Aim of the task :: Within the material below, transcribe exactly the lines from the one holding "The Sado River" through the one holding "Entrance of Ishinomaki", keeping both ends and skipping the rest.

Dataset records ::

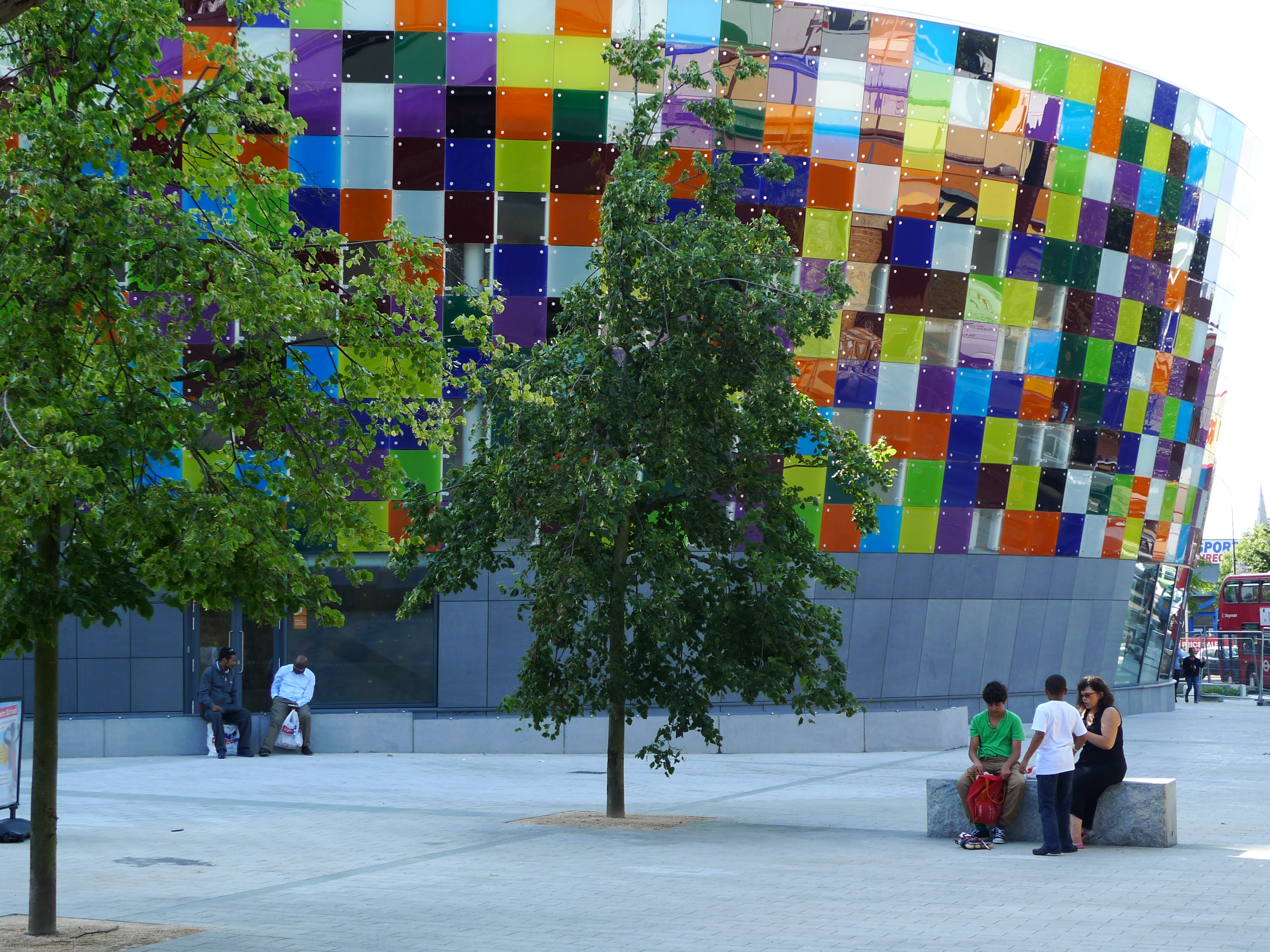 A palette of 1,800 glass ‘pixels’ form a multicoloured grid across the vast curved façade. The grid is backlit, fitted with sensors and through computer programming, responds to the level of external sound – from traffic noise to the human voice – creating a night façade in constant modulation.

--

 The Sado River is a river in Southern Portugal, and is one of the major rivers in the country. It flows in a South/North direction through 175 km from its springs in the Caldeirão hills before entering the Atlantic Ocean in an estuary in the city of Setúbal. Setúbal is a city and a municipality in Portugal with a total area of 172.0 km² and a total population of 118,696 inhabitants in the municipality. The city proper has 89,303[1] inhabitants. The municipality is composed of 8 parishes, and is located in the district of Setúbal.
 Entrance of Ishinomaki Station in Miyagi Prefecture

Solution to this exercise ::
 The Sado River is a river in Southern Portugal, and is one of the major rivers in the country. It flows in a South/North direction through 175 km from its springs in the Caldeirão hills before entering the Atlantic Ocean in an estuary in the city of Setúbal. Setúbal is a city and a municipality in Portugal with a total area of 172.0 km² and a total population of 118,696 inhabitants in the municipality. The city proper has 89,303[1] inhabitants. The municipality is composed of 8 parishes, and is located in the district of Setúbal.
 Entrance of Ishinomaki Station in Miyagi Prefecture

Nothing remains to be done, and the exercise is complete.